Teller Officials Complete Investigation Into Fatal Drowning

by Rick Langenberg:

 

 

Teller County officials have concluded that no foul play occurred during a fatal boating accident at Skaguay Reservoir, outside Victor, that took the life of a 17-year-old teen from Colorado Springs last week. The name of the teen has been identified as McKenzie K. Boutin. “There was no evidence of any trauma associated with his death,” said Teller County Coroner Al Born, in an interview Monday morning. According to Born, the boy died from an apparent drowning, when a canoe he was using with a 20-year-old man, tipped over. In addition, the frigid cold waters of Skaguay, located just below the snow melt of Pikes Peak, may have played a role in the youth’s drowning. “The water was very, very cold and neither the 17-year-old boy nor the young man was wearing life jackets. That’s a bad combination.” The boat was about 200 feet from the shore when it capsized, according to Born.

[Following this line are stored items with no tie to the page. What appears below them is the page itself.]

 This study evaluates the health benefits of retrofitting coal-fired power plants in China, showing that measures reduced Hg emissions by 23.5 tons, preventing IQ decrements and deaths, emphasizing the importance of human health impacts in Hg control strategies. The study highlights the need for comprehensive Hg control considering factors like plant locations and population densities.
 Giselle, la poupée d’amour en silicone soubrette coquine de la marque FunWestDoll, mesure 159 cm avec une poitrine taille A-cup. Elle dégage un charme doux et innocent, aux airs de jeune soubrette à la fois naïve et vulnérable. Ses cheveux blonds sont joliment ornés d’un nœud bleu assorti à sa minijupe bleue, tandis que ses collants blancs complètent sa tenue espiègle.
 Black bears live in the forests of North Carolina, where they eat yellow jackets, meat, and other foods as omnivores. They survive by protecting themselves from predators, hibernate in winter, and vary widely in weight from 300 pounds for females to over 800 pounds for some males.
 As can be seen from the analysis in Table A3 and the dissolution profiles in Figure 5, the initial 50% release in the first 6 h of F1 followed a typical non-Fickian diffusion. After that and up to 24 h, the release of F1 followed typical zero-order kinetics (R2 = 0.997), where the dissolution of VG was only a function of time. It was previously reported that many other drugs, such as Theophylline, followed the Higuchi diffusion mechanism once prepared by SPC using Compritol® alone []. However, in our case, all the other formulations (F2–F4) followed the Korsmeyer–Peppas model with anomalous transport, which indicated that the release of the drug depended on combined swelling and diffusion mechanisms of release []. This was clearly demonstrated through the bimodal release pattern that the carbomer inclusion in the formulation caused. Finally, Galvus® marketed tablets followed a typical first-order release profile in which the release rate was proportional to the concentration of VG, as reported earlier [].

The older man was able to get out of the water, and with the help of by-standers, pulled Boutin ashore before rescue crews arrived. Rescue workers from the sheriff’s office and other agencies rushed to scene. But by the time authorities arrived, the body of teen was lying on the shore, according to Teller County Sheriff Mike Ensminger. Both Boutin and other man were taken to a local hospital. “It is a very tragic incident,” said Ensminger. “His family was very well-liked.” Although the youth is from Colorado Springs, his father has strong ties in Teller County. And unfortunately, the incident represented yet another tragedy on local waters, with six people dying from accidental deaths, drowning or boating mishaps in the last several years. Still, officials don’t believe that extra safety precautions should be implemented. “We are primarily a response agency,” said Steve Steed, director of emergency management for Teller County, who coordinated the recent rescue effort at Skaguay Reservoir. He stressed that Teller authorities have no say in the safety operations of these areas, and urged recreation boaters to use good safety measures. “People have to be responsible for their own safety,” said Steed.

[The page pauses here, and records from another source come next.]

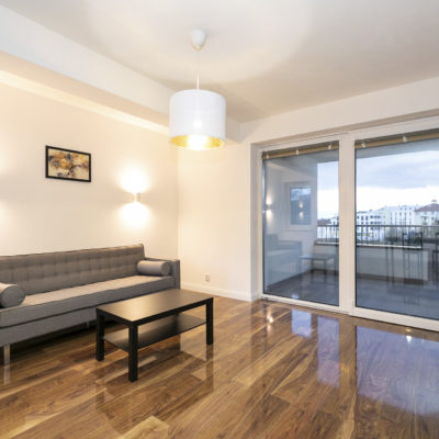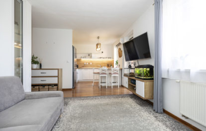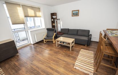 Byt pozostáva zo vstupnej predsiene odkiaľ je prístup do samostatnej izby, kúpeľne a toalety, kuchyňa je spojená s obývačkou z ktorej sa vychádza na terasu. Z prechodu medzi obývačkou a kuchyňou je vstup do spálne a tiež východ na terasu.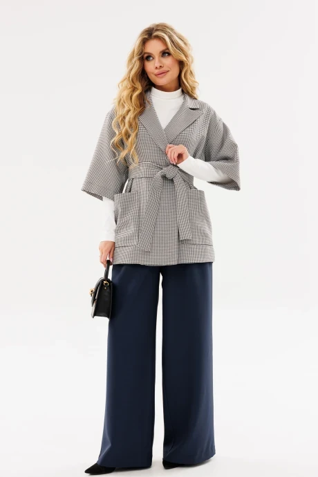 Брюки женские,свободного силуэта,на поясе со шлевками.Застежка на молнию и пуговицу.По переду заложены складки.По бокам действующие угловые карманы.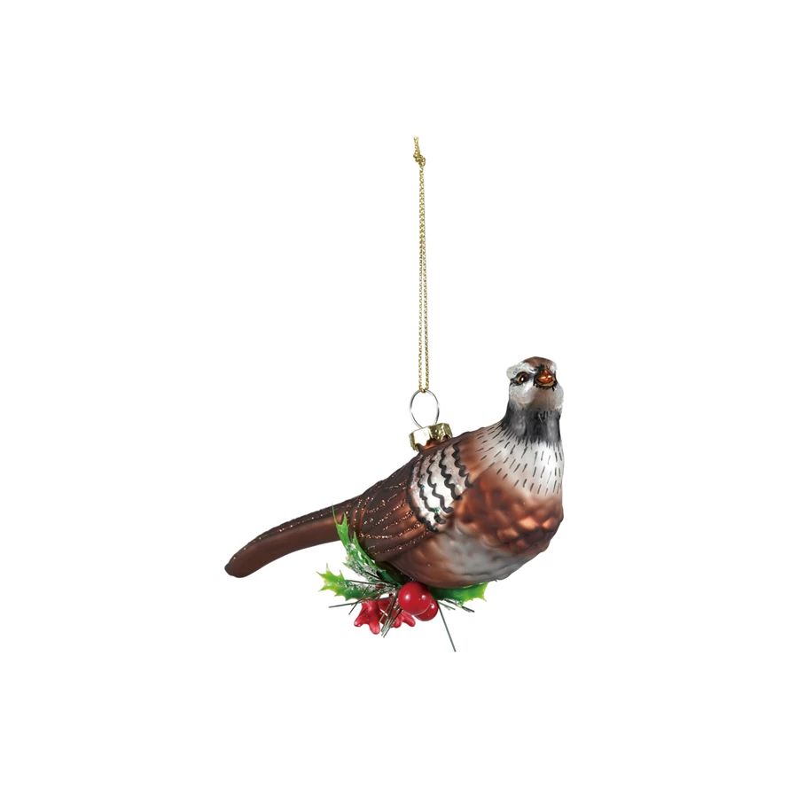 Glass Pheasant Ornament with Botanicals & Glitter ©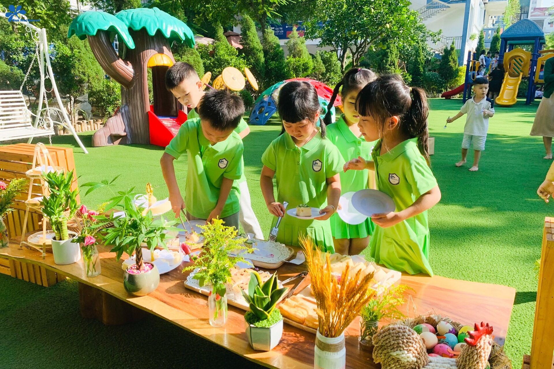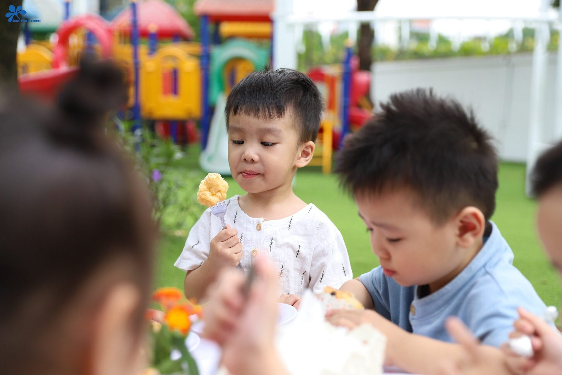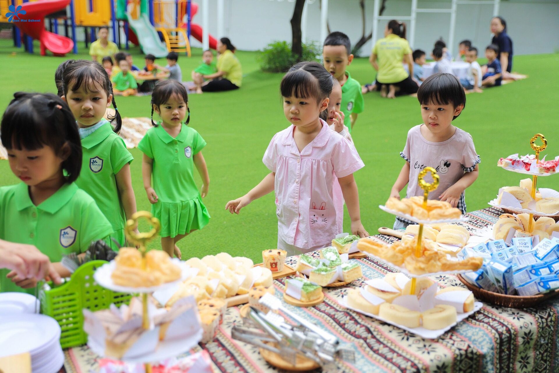 Lấy cảm hứng từ văn hóa trà chiều châu Âu, những bữa tiệc bánh mang phong cách “chill & free” đang dần trở thành nét đặc trưng trong hoạt động chăm sóc – nuôi dưỡng của trường Mầm non Ban Mai.

For the most part, the bevy of water-related fatalities occurring over the last few years have been classified as isolated incidents. Last May, a Fort Carson soldier drowned in Skaguay. The details are somewhat sketchy and speculation abounded that the soldier may have fallen into the water. Staff Sgt. Robert Shelter, 27, was pulled from the water by friends who he planned to meet at the reservoir on May 27, 2011. His friends were unable to revive Shelter after doing CPR. Last summer, another tragic death occurred at Eleven Mile Reservoir, taking the lives of a former mayoral candidate for Colorado Springs, Mitch Christiansen, and his wife Susan, an administrator for Memorial Hospital. Their motor boat reportedly capsized on the east side of the reservoir, although no one witnessed the incident. This earlier boating mishap was partially attributed to extremely dangerous conditions with winds gusting up to 40 miles per hour. And sadly enough, the Christiansens were trying out a new motor home at the park and were planning to participate in the No Name Fishing Tournament.

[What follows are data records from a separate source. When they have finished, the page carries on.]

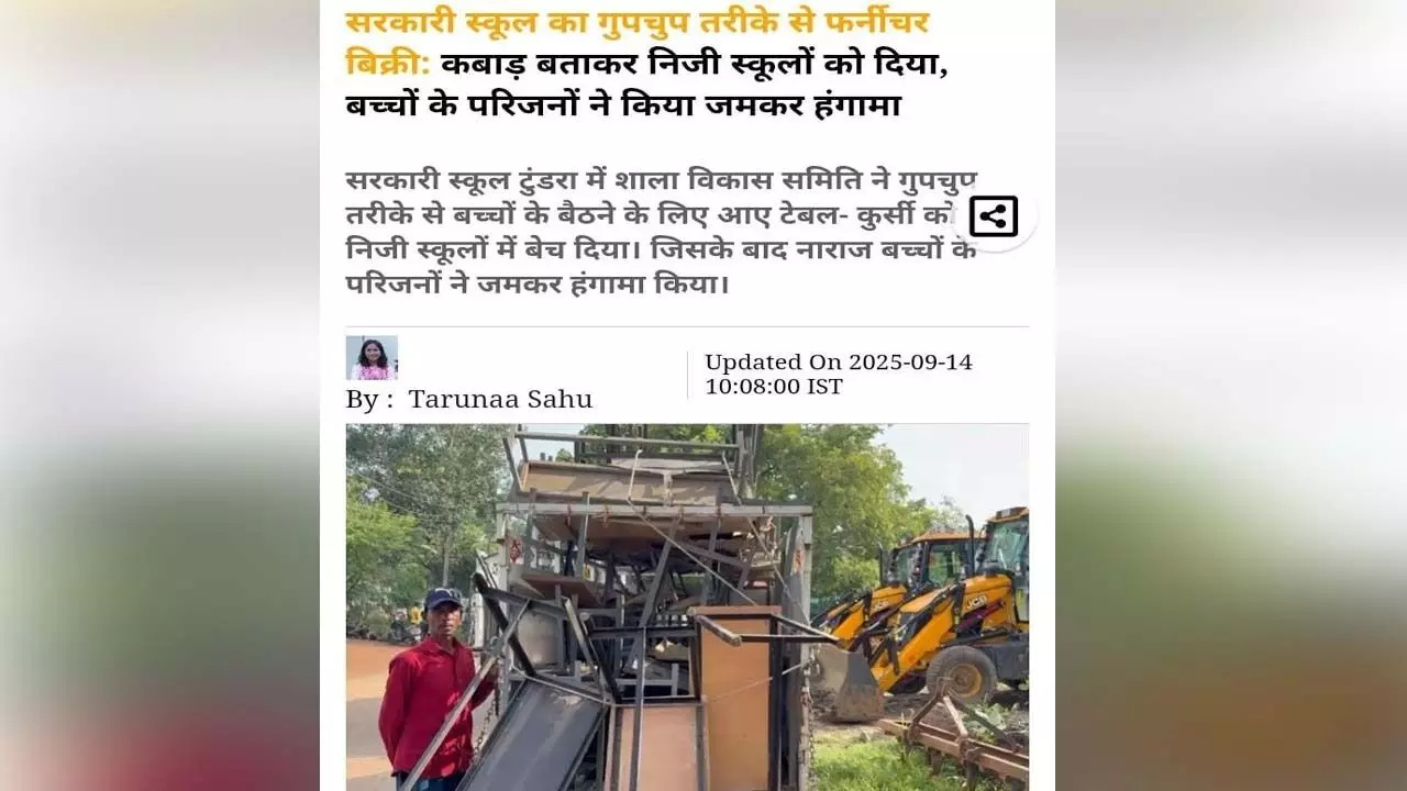 उल्लेखनीय है कि, हरिभूमि डॉट कॉम ने इस खबर को प्रमुखता से प्रकाशित किया था। जिसके बाद अब मामले में कलेक्टर सोनी ने स्वत: संज्ञान लिया है। जिले के माध्यमिक विद्यालय टुंडरा की प्रभारी प्राचार्य और शाला विकास समिति ने गुपचुप तरीके से प्रस्ताव तैयार कर स्कूल में बच्चों के बैठने के लिए आए टेबल कुर्सी को निजी स्कूलों में 400 रुपए प्रति नग के हिसाब से बिक्री कर दिया। मामले का तूल पकड़ता देख निजी स्कूलों ने शासकीय स्कूल से खरीदे टेबल कुर्सी को 3 वाहनों में भरकर वापस भेज दिया था।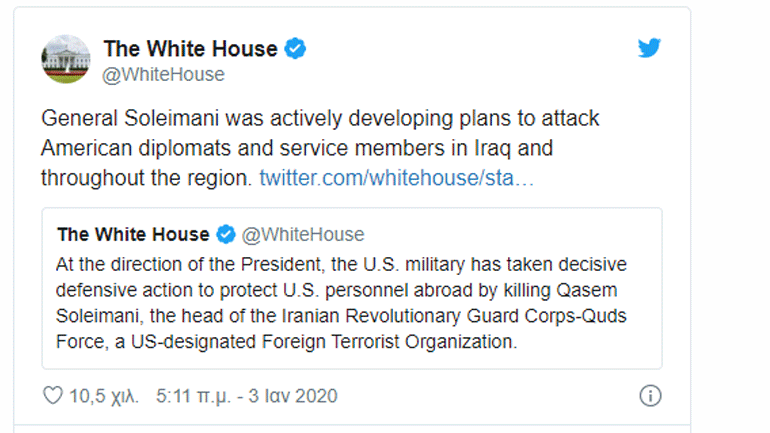 Με διαταγή του προέδρου των ΗΠΑ Ντόναλντ Τραμπ έγινε η εξόντωση του Ιρανού υποστρατήγου Κασέμ Σουλεϊμανί επιβεβαίωσε το αμερικανικό Πεντάγωνο το βράδυ της Πέμπτης (ξημερώματα Παρασκευής, ώρα Ελλάδας).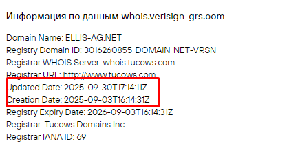 Сайт еще совсем молодой. При этом брокер утверждает, что работает с 2017 года. Но проверка регистрации домена ellis-ag.net/ опровергает данное заявление. Как видим запустили его только в конце сентября 2025 года.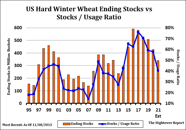 Wheat futures ended mixed. WH was down 3 cents and near 7.51. KWH was up 1 cent and near 7.70. MWH was down 7 cents and near 9.00. Funds continue to add to WH short due to slower US export pace and a hedge against long corn and soybean positions. KWH has had a wild ride. KWH rallied from the Jan 14 low of 7.43 to the Jan 25 high of 8.49 to only the drop to todays low at 7.53. Supply bulls feel that a drop in EU and Russia wheat exports from USDA estimate and an eventual increase in tension between Russia and Ukraine and Russia and NATO could still rally prices. Talk of a drier than normal US south plains for the rest of February and March could stress the US 2022 HRW crop. Trade estimates US 2021/22 wheat carryout at 629 mil bu vs USDA Jan 628. Trade also estimates World 2021/22 wheat end stocks at 279.9 mmt vs USDA Jan estimate of 279.9. Weekly wheat export sales were only 57 mt. Total commit is 17.2 mmt vs 22.4 ly.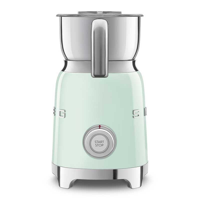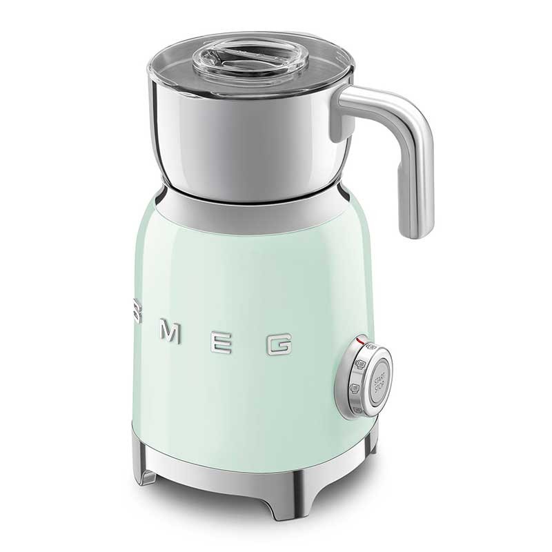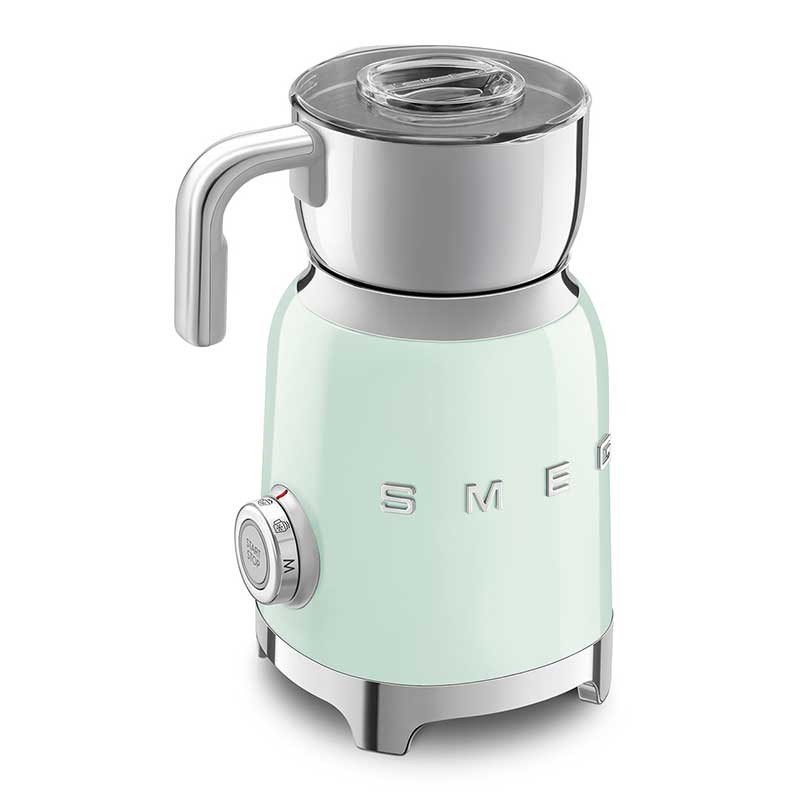 Mousseur à lait style Smeg 50's avec corps en acier inoxydable avec finition green water gloss et 6 programmes pour préparer des boissons chaudes ou froides avec ou sans mousse.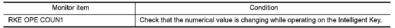 Check remote keyless entry receiver ("RKE OPE COUN1") in Data Monitor mode with CONSULT-III.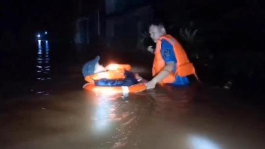 △8月17日,强降雨导致雅安青衣江水位暴涨,多地受灾。四川雅安公安连夜转移受灾群众。

During another tragedy at Eleven Mile in the summer of 2010, 49-year-old Clifford Carrano of Fairplay died in a one-person tragedy after he tried to retrieve his boat and reportedly drowned, only 40 feet from the shore. Prior to these accidents, no reported drowning occurred at Eleven Mile for about 10 years. Another drowning was reported in the last several years near the shore of Burgess Lake at Spring Valley, involving the death of 30-year-old Leva B. McDonald. This incident was initially reported as quite suspicious, but no charges were ever filed.